The new supply is crucial to easing a shortage straining capacity across logistics, manufacturing and ecommerce.
Officials see the buildout as essential to meeting the UAE’s industrial-policy targets, with the two emirates needing more space to support the next phase of growth.
Industrial lease rates in Dubai have risen around 30 percent over the past two years, while Abu Dhabi has logged increases of more than 50 percent during the same period, according to a new report from real estate consultancy CBRE.
Demand is broad, driven by logistics players, manufacturers and ecommerce companies building regional distribution hubs.
CBRE expects rents in Abu Dhabi to keep rising until new stock reaches the market, while Dubai continues to face what the consultancy describes as an “undersupply of quality warehousing accommodation”.
Data from Dubai-based Creation Business Consultants shows a steady rise in corporate interest. Over 69 percent of enquiries made to the company this year were linked to business setup, with more than 70 percent of those focused on Dubai.
“The industrial sector, including oil and gas, accounts for 52 percent of related enquiries, alongside growing demand for computer requisites, chips and industrial wire manufacturing,” managing director Scott Cairns told AGBI. He added that heavy-equipment supply enquiries were up about 50 percent.
Cairns said more than a quarter of enquiries were coming from Europe and a fifth from the Asia Pacific region, with increased activity from China following US tariffs announced by President Donald Trump and ongoing trade tensions.
“Several large manufacturers from China are either assessing manufacturing footprints here or have already begun the process,” he said.
Nearly 2.8 million square feet of new industrial and logistics space is expected to be delivered in Dubai in 2026, according to fellow consultancy Knight Frank, the largest annual addition in recent years.
The push for more space comes as the UAE advances some of its most ambitious industrial-policy goals. At the federal level, a strategy known as Operation 300bn aims to boost the industrial sector’s GDP contribution to AED300 billion ($82 billion) by 2031, from AED133 billion when it launched in 2021.

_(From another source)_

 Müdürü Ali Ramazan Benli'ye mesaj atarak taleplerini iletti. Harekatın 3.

Dubai’s D33 Agenda seeks to double the size of the emirate’s economy by 2033, while Abu Dhabi aims to double manufacturing output by 2030.

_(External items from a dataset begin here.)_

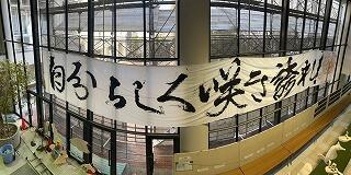 本日3,4限に、本校玄関ロビーの「芸術の森」を彩ってきた「書画」の大きな横断幕が、3年「HL書道」選択10名の生徒たちによって制作された新しい作品に掛け替えられました。 「自分らしく咲き誇れ!」、10人がいっぱい時間をかけて、考え、考えて、できた10文字を10人で一文字ずつ書きました。今高生全員に、そして、これから入学してくる後輩たちに贈るメッセージ、今高らしくてとてもいい感じです。 今...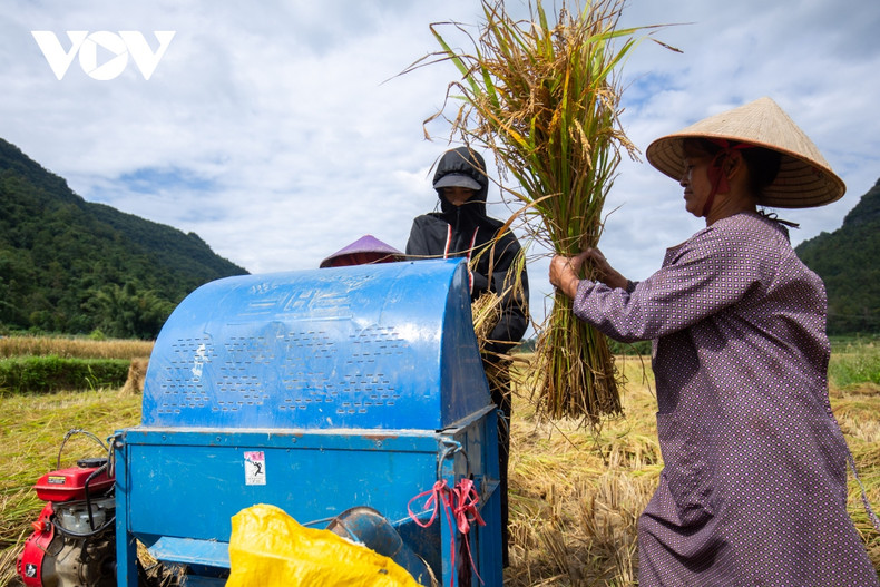 Dans de nombreuses régions, les habitants utilisent principalement des faucilles à main. Cependant, les outils de battage de riz aux pieds ont été remplacés par des batteuses à moteur.
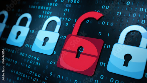 Wall mural binary code lock, combination lock code. digital padlock for computing system on a dark blue backgro

Foreign investors appear to be responding. The UAE attracted 613 greenfield FDI projects worth $5.4 billion in the first half of 2025, according to government-owned bank Emirates NBD.
Meanwhile, global capital is converging on the logistics sector: last month, alternative investment managers Blackstone and Abu Dhabi’s Lunate launched the $5 billion Glide platform targeting warehouse and logistics assets across the Gulf.
This week it was announced that a 23,000 square metre facility established by INDU Kishore Logistics at the Logistics District in Dubai South had been inaugurated.
According to a report from estate agency Savills, London had the world’s most expensive warehousing market in the six months to March 2025, with annual occupancy cost reaching nearly $49 per square foot.
Sydney came second, at $31.60 per square foot, while Dubai recorded one of the sharpest rises to $26.43 per square foot. Abu Dhabi came in at just under $15.